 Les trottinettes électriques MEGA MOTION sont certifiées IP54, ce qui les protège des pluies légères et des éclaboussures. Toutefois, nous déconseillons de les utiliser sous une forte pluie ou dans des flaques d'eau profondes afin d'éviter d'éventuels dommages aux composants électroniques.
○ ○ ○ ○ ○
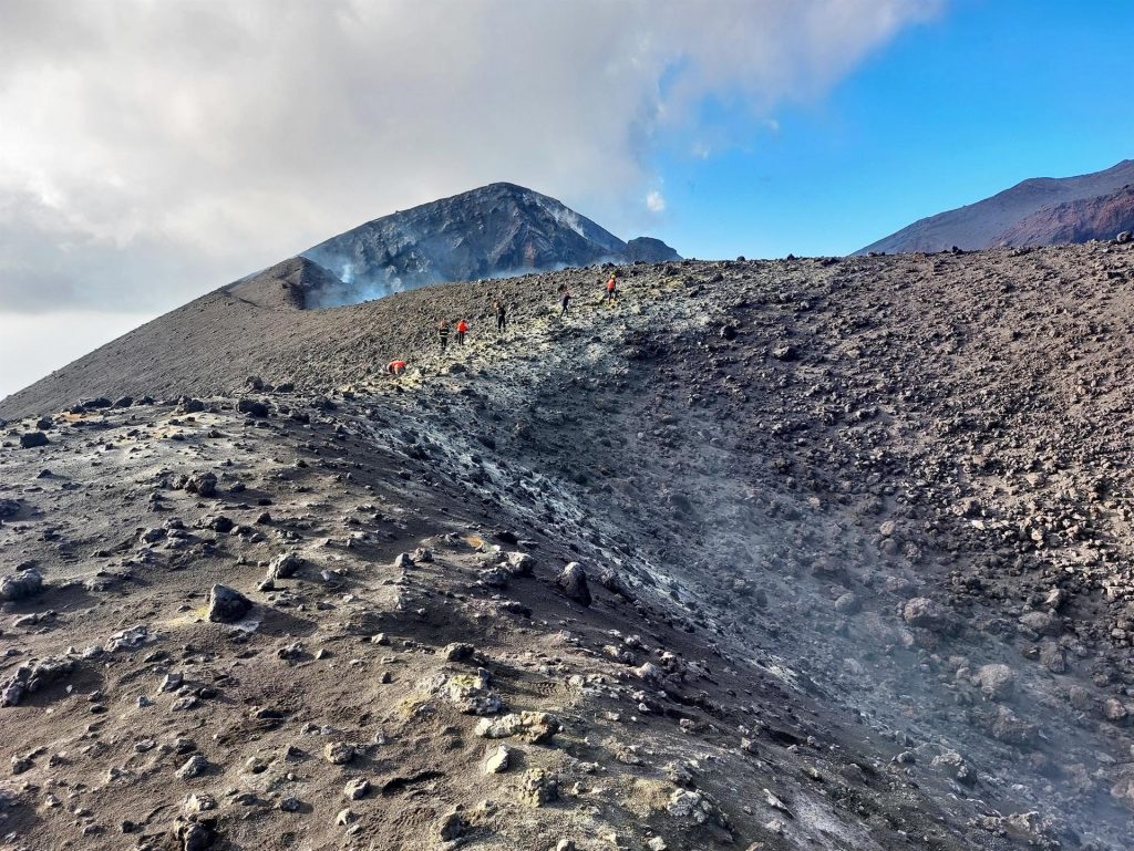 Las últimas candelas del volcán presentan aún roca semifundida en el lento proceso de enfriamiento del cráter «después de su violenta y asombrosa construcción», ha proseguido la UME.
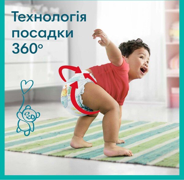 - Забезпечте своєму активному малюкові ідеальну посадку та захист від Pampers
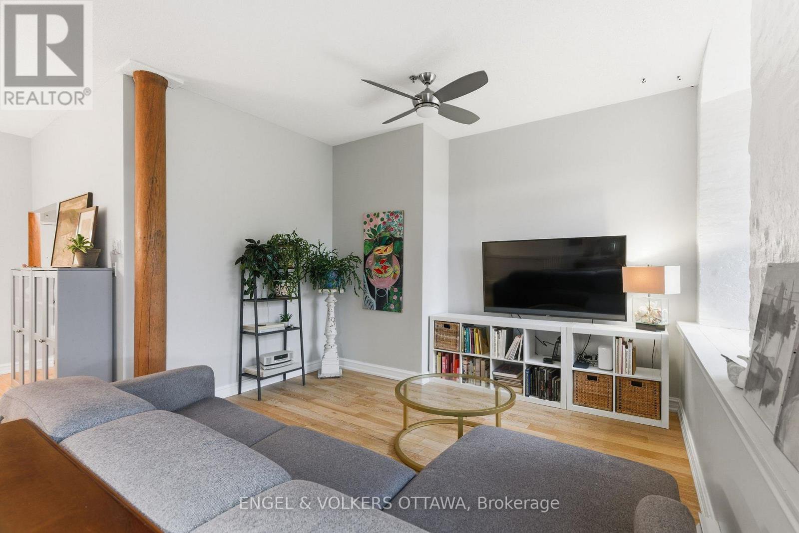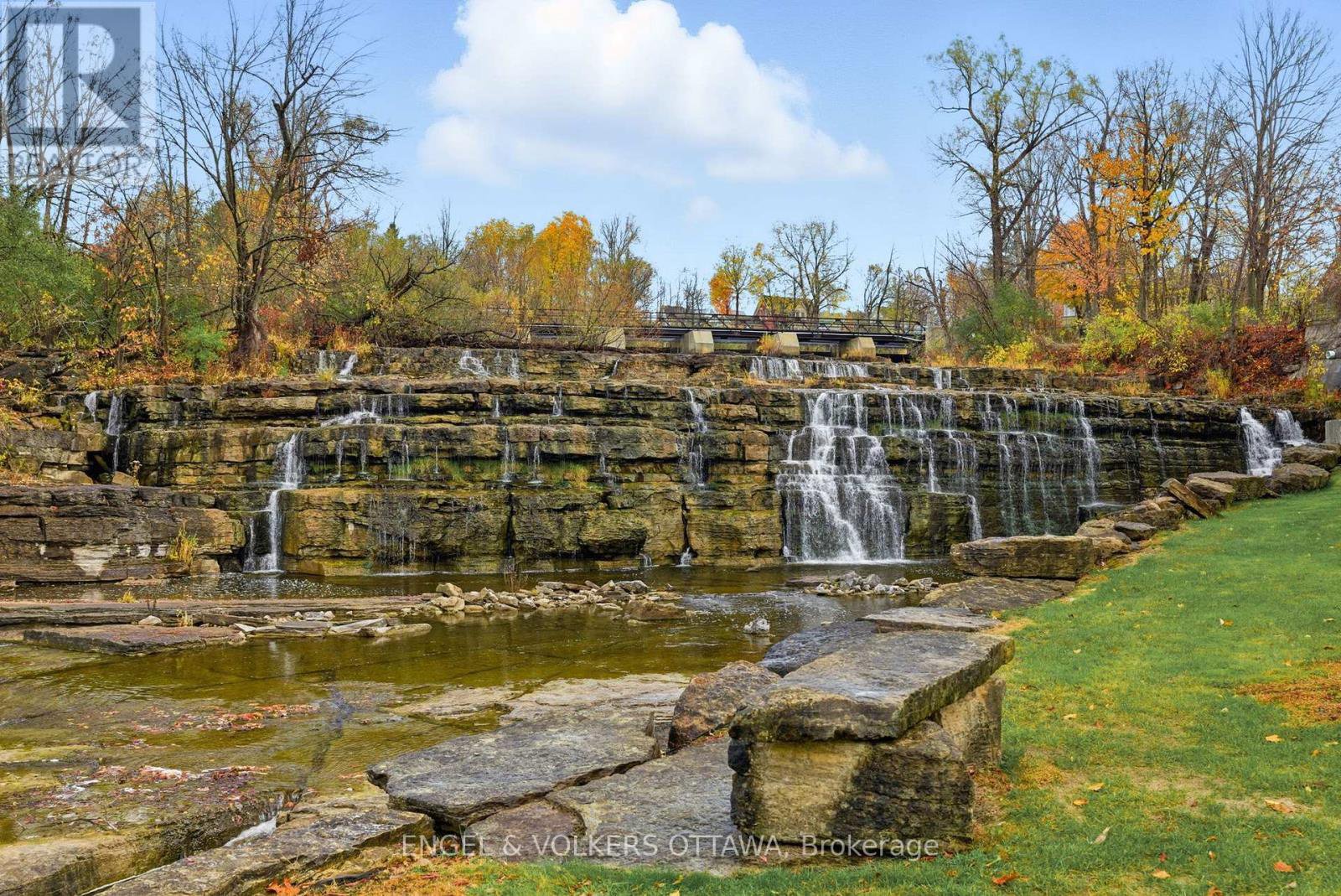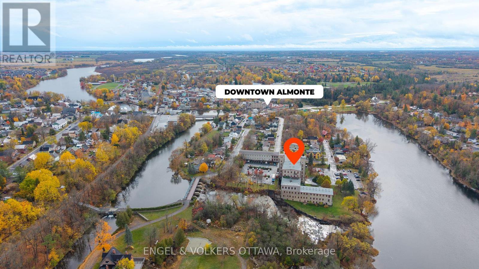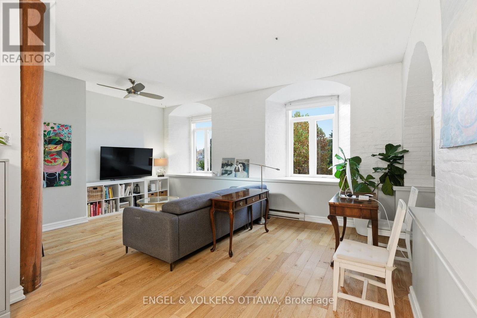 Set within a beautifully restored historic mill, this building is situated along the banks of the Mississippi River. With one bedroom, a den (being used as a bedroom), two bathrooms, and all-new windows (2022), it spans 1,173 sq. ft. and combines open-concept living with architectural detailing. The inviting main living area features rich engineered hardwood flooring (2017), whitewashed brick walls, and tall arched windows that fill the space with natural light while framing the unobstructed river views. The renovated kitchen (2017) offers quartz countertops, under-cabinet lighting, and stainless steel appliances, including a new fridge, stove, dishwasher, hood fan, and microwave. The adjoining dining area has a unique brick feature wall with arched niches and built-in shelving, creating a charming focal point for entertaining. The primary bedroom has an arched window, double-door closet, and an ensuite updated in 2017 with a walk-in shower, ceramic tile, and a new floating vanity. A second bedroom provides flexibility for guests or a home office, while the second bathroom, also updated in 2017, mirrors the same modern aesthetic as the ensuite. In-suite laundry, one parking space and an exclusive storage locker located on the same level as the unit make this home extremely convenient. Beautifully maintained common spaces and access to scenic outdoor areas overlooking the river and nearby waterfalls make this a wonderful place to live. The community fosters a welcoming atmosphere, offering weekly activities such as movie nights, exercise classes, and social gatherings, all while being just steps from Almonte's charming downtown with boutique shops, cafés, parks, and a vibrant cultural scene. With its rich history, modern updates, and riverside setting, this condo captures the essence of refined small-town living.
○ ○ ○ ○ ○
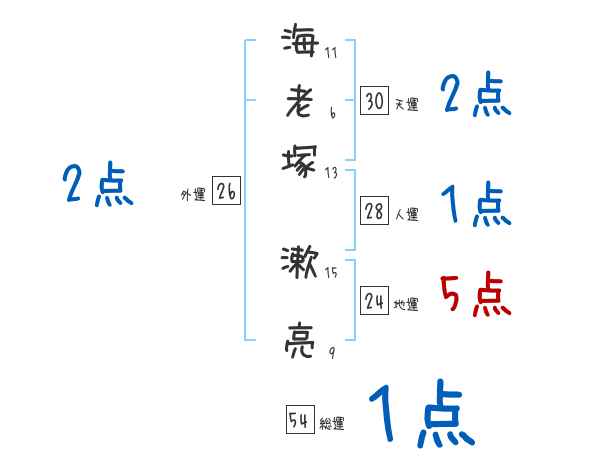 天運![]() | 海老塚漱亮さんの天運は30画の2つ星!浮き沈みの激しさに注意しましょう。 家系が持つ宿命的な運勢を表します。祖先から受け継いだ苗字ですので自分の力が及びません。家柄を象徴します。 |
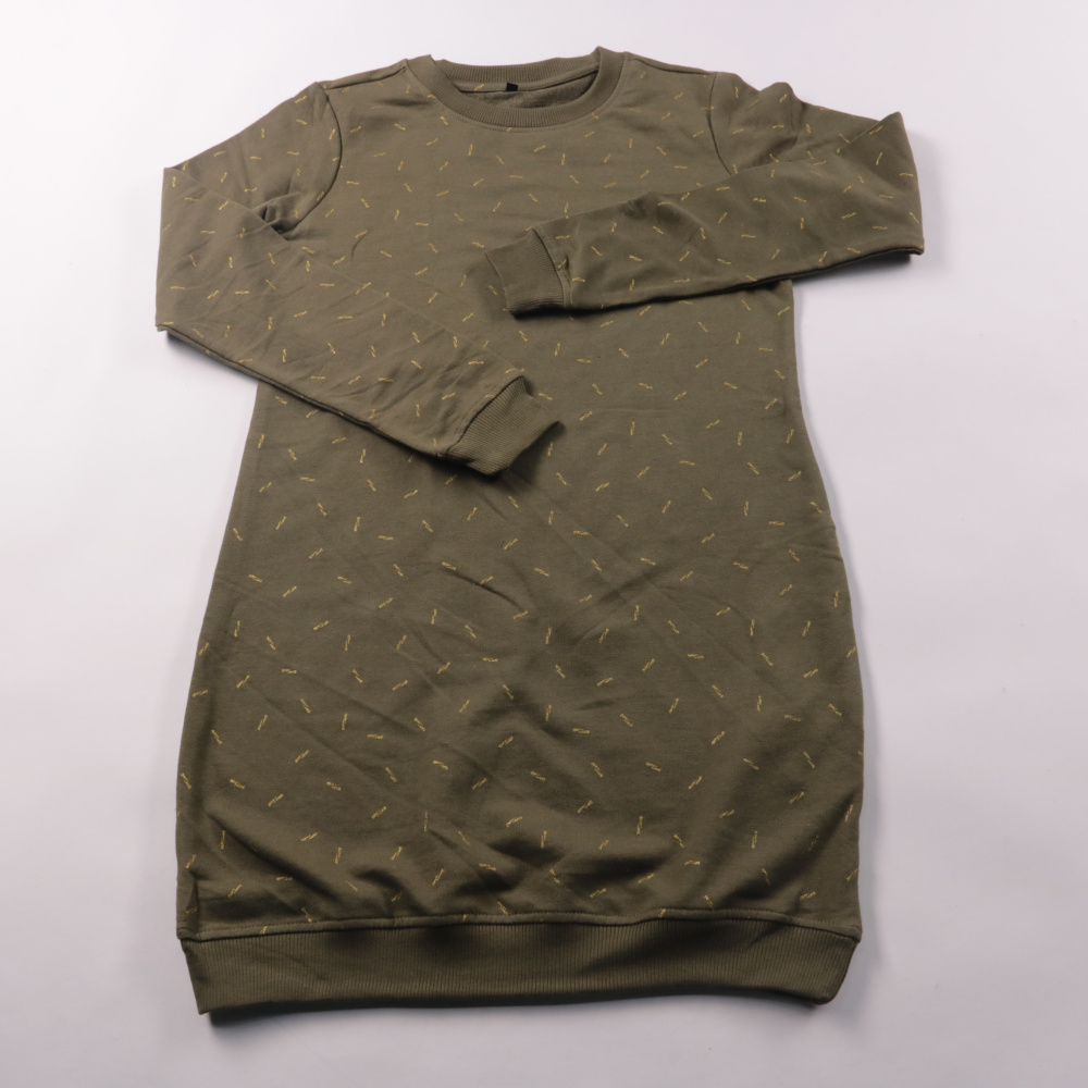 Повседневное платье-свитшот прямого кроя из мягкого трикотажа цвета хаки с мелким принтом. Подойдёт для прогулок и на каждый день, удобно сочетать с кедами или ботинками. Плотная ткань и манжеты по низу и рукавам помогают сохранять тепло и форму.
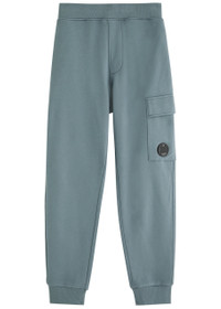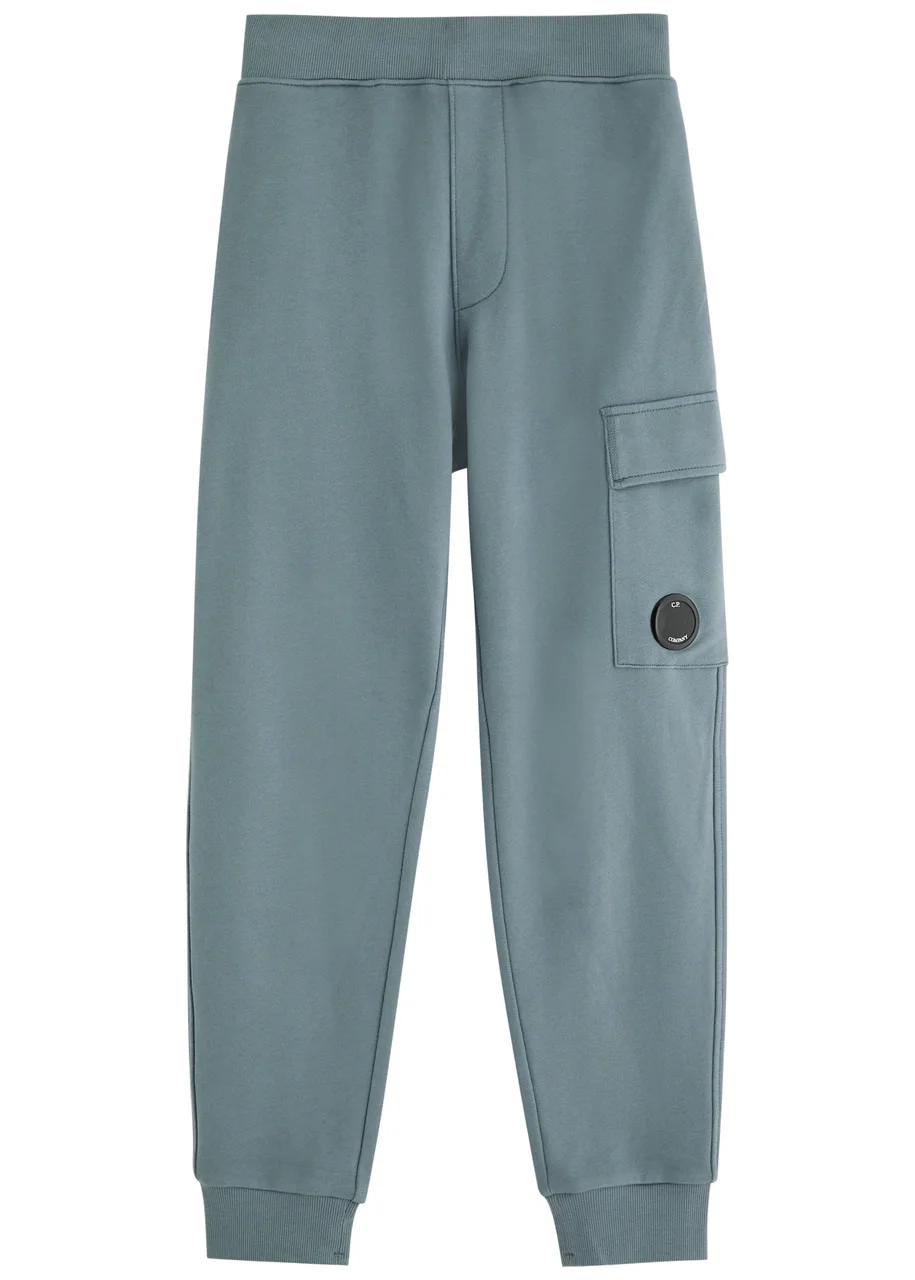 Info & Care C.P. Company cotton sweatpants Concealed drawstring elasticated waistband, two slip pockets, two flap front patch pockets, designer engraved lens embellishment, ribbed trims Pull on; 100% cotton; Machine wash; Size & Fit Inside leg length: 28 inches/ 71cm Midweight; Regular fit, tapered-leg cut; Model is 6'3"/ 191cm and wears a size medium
○ ○ ○ ○ ○
EXERCISE AIM: Transcribe only this stretch of the data: the line with "天運![]() | 海老塚漱亮さんの天運は30画の2つ星!浮き沈みの激しさに注意しましょう。", the line with "Info & Care", and every line in between. Leave out the pictures.

YOUR SOLUTION:
 天運![]() | 海老塚漱亮さんの天運は30画の2つ星!浮き沈みの激しさに注意しましょう。 家系が持つ宿命的な運勢を表します。祖先から受け継いだ苗字ですので自分の力が及びません。家柄を象徴します。 |
 Повседневное платье-свитшот прямого кроя из мягкого трикотажа цвета хаки с мелким принтом. Подойдёт для прогулок и на каждый день, удобно сочетать с кедами или ботинками. Плотная ткань и манжеты по низу и рукавам помогают сохранять тепло и форму.
 Info & Care C.P. Company cotton sweatpants Concealed drawstring elasticated waistband, two slip pockets, two flap front patch pockets, designer engraved lens embellishment, ribbed trims Pull on; 100% cotton; Machine wash; Size & Fit Inside leg length: 28 inches/ 71cm Midweight; Regular fit, tapered-leg cut; Model is 6'3"/ 191cm and wears a size medium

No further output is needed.